■ **ACTIVITY**: Only lines, not pictures: please repeat exactly the lines from the one with "Собака породы дратхаар." through the end of the listing.

■ **GIVEN INFORMATION**:

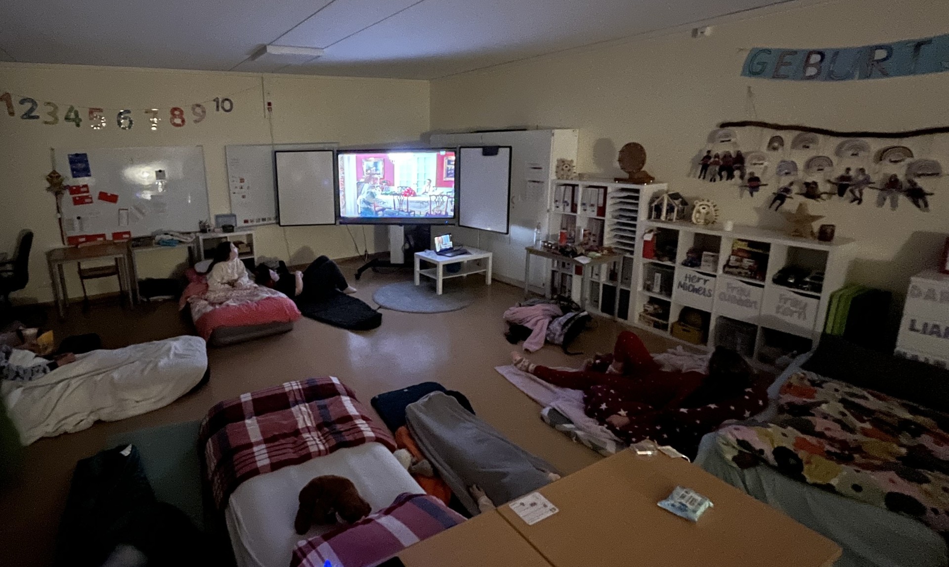 Ein besonderes Highlight des Abends war das gemeinsame Anschauen des Films „Kevin – Allein zu Haus“. Mit Gesichtsmasken, tollen Gesprächen und viel Gelächter wurde der Abend zu einem tollen Erlebnis, das die Klassengemeinschaft stärkte.
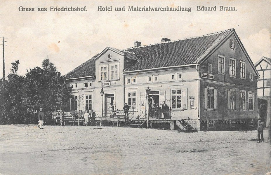 Eduard Braun interes w Rozogach prowadził już wcześniej, bo w 1897 roku szukał mówiącego po polsku ucznia chcącego przyjść do niego na naukę zawodu. E. Braun wraz z hotelem i restauracją prowadził sklep kolonialny. W styczniu 1914 roku podarował straży pożarnej dzwonek. Zmarł 2 marca 1917 roku. Na cmentarzu w Rozogach zachował się żeliwny krzyż z jego grobu Po pierwszej wojnie światowej jego gospoda przeszła na własność Gustava Konopackiego. Później prowadził ją Weigel. Po lewej stronie gospody znajdowała się poczta.
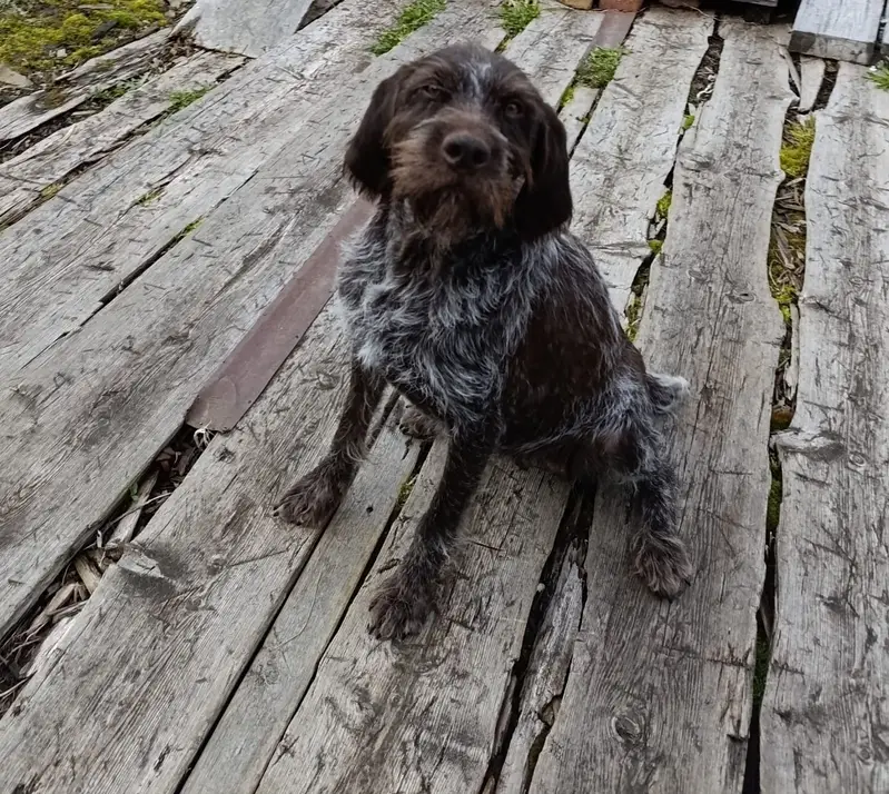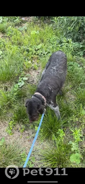 Собака породы дратхаар. Кличка Грета. Окрас черно-пегий. При беге закидывает переднюю лапу в сторону. На морде шрам. Пропала в лесу, в ходе прогулки, не доезжая деревни Черемша.
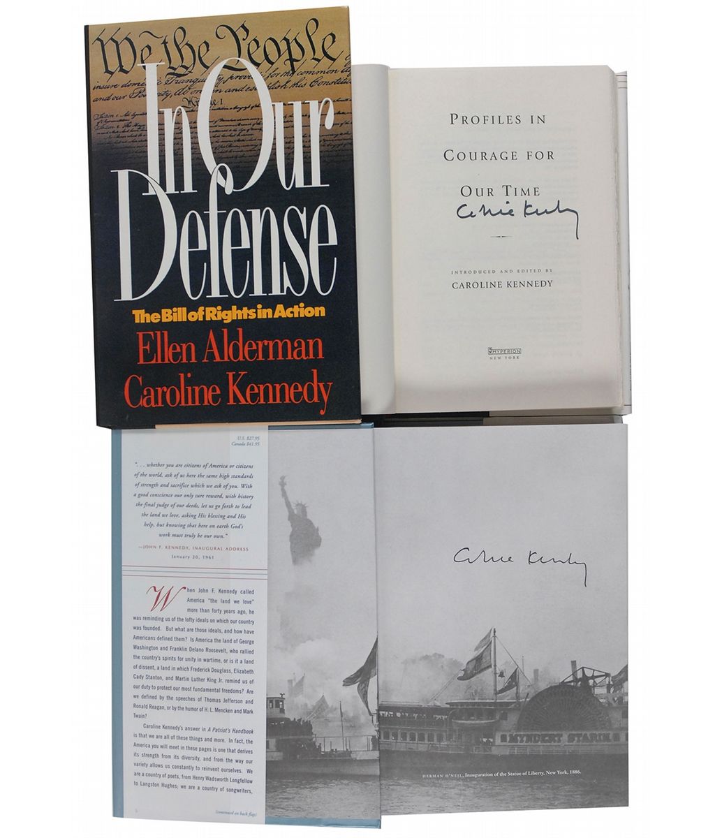 Three hardcover books: Profiles in Courage for Our Time, signed in black felt tip on the title page; In Our Defense: The Bill of Rights in Action, signed in blue felt tip on the first free end page by Kennedy and co-author, Ellen Alderman; and A Patriot’s Handbook, signed in black felt tip on the first free end page. In fine condition.

■ **THE ANSWER**:
 Собака породы дратхаар. Кличка Грета. Окрас черно-пегий. При беге закидывает переднюю лапу в сторону. На морде шрам. Пропала в лесу, в ходе прогулки, не доезжая деревни Черемша.
 Three hardcover books: Profiles in Courage for Our Time, signed in black felt tip on the title page; In Our Defense: The Bill of Rights in Action, signed in blue felt tip on the first free end page by Kennedy and co-author, Ellen Alderman; and A Patriot’s Handbook, signed in black felt tip on the first free end page. In fine condition.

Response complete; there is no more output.